# Butane blowrorch



## TheMonkey (Aug 13, 2013)

I have a small amount of 9ct and 24ct gold to melt and possibly try in lewellery making. I am a complete newbie and do not want to invest in a major setup (furnace etc) until I know if it suits me.

I have seen Butane gas blowtorches advertised which state they heat up to 1300c and wonder if they would suffice for the moment. Out here (France) we use 13kg Butane bottles (No mains). Obviously I would need a crucible and mold (could I melt both 9ct and 24ct in the same mold (not at the same time of course)

I am looking for any advice and thank you in anticipation.

B


----------



## MysticColby (Aug 13, 2013)

ideally, you want to keep crucibles and melting dishes isolated for what they are used for (use one designated dish for 24 karat, and a different one for 9 karat, and a different one for 12 karat), but this depends on what you are using it for. At the very least, I recommend two different ones: one dish for 24 karat, another dish for all other gold purities.

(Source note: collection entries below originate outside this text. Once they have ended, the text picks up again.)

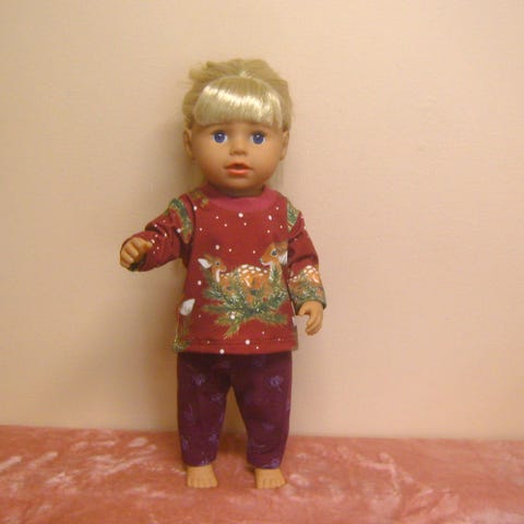 43 cm nukelle (baby born tai sister) trikoosta kuviollinen paita, jossa takana pukemista helpottava tarrakiinnitys. Housuissa vyötäröllä kuminauha.
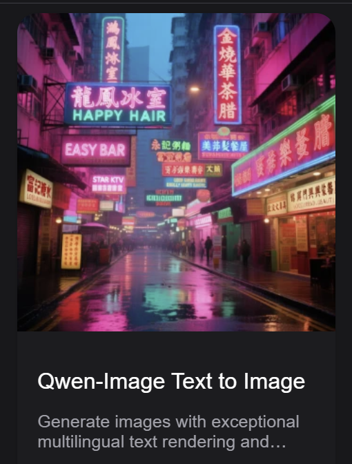 ComfyUI 좌측 상단 Workflow > Browse Templates > Qwen-Image Text to Image
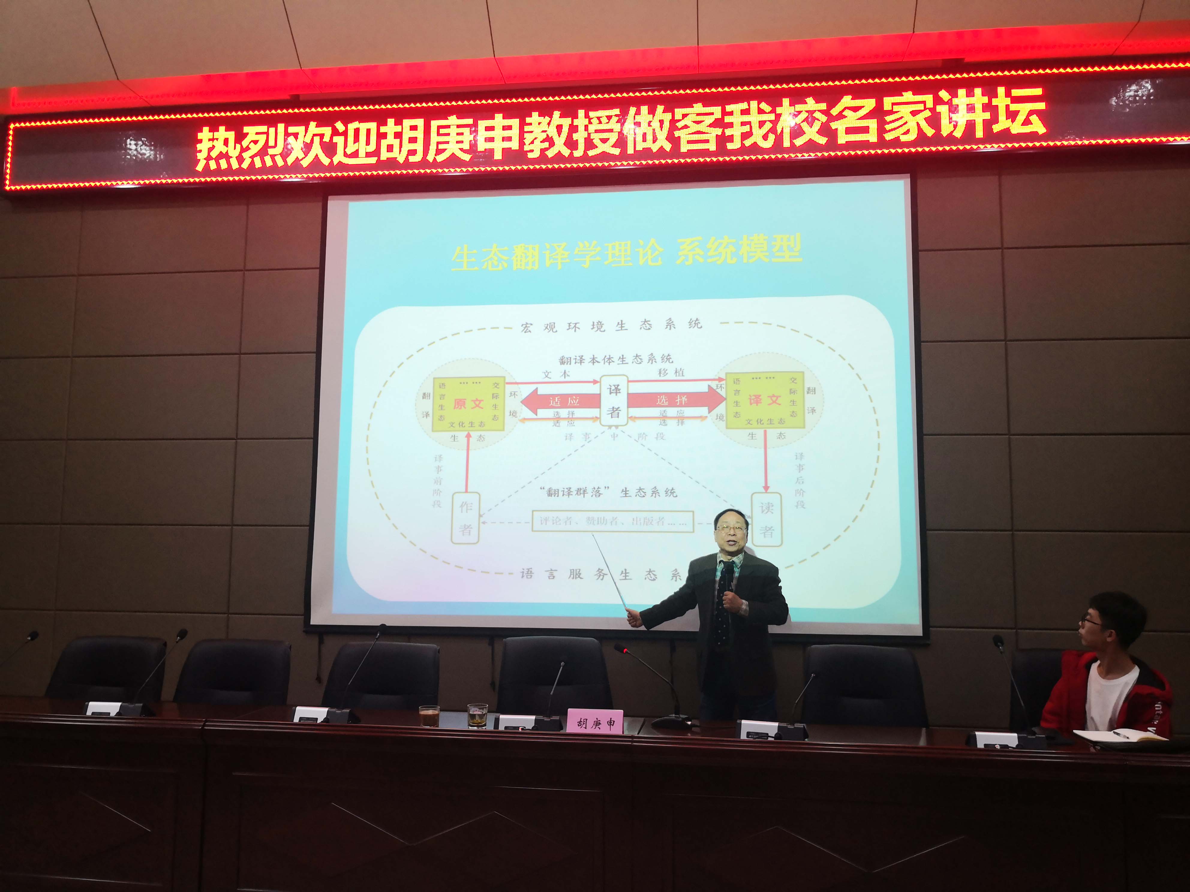 11月13日下午,清华大学二级教授、郑州大学生态翻译学研究院院长、外国语与国际关系学院特聘教授、博士生导师胡庚申教授应邀做客威尼斯官网名家讲坛,为师生作了题为“生态翻译学:理论创新与国际发展”的主题报告。报告由9499www威尼斯院长胡宗锋教授主持,数百名师生参会。
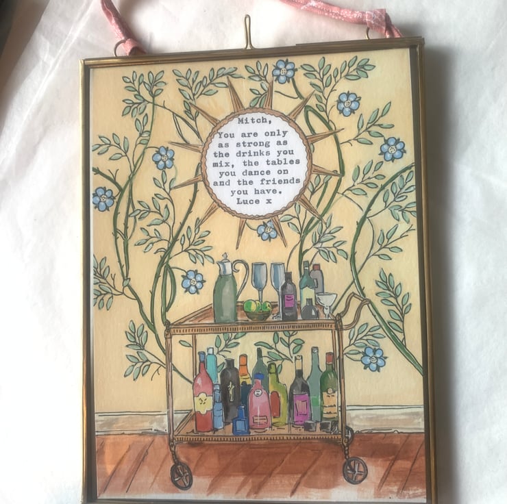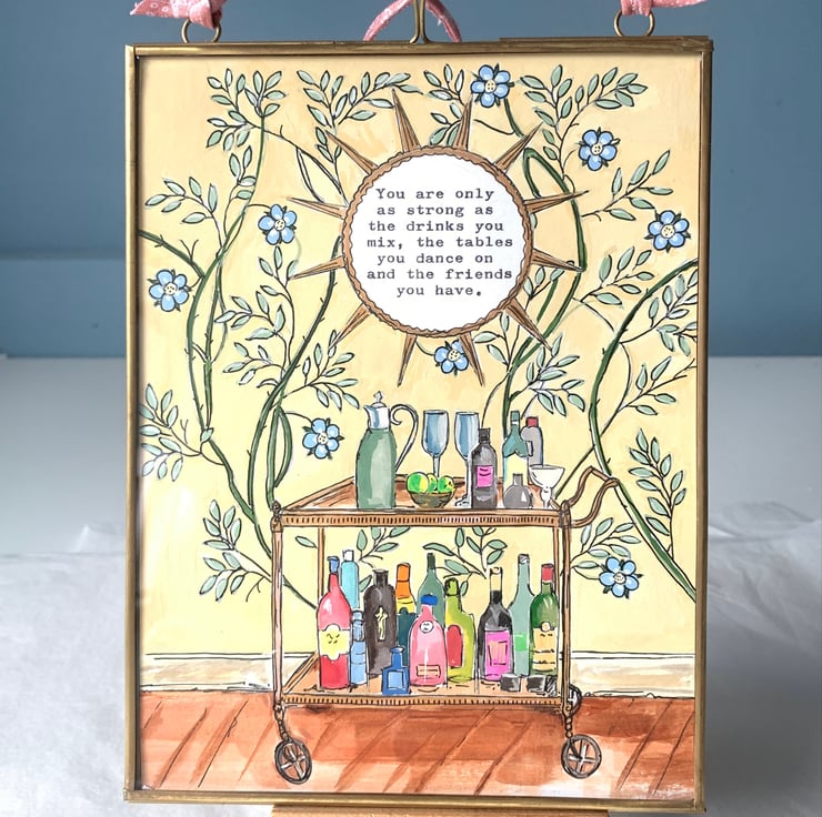 This is a giclee print of my drinks trolley artwork. The quote is vintage typed "You are only as strong as the drinks you mix, the tables you dance on and the friends you have." or chose your own wording, can be personalised. Artwork is approx 15cmx20cm and comes in a brass and glass hanging frame. Frame approx 15cmx20cm

butane may be able to melt gold. but you will need a torch that can put out enough btu, and an insulating furnace. according to http://en.wikipedia.org/wiki/Adiabatic_flame_temperature, butane in air will burn to a maximum of 1970ºC, while propane will get to 2392ºC. gold melts at 1064ºC. now these are theoretical maximums, which you most likely will never observe in practice. the more insulation, the closer you can get.
For small amounts, the furnace does not need to be very big. I described a mini furnace I made here:
http://goldrefiningforum.com/phpBB3/viewtopic.php?f=56&t=13162
I recently melted 22g of ~99% gold in it, using propane and a bernzomatic ts8000. It took noticeably longer than melting 100g of silver (about 30 minutes vs. 20 minutes), which goes to show that those last hundred degrees are the hardest to reach.


----------



## TheMonkey (Aug 14, 2013)

Thanks so much MysticColby

I can see I need a hell of a lot more education in these matters before I even commence. Wish I'd studied a bit of science when at school but it's too late now. Appreciate the link although that posting just goes to emphasise how ignorant I am of these things.

I think before I go any further (and possibly waste a lot of money) I'll do a lot of reading.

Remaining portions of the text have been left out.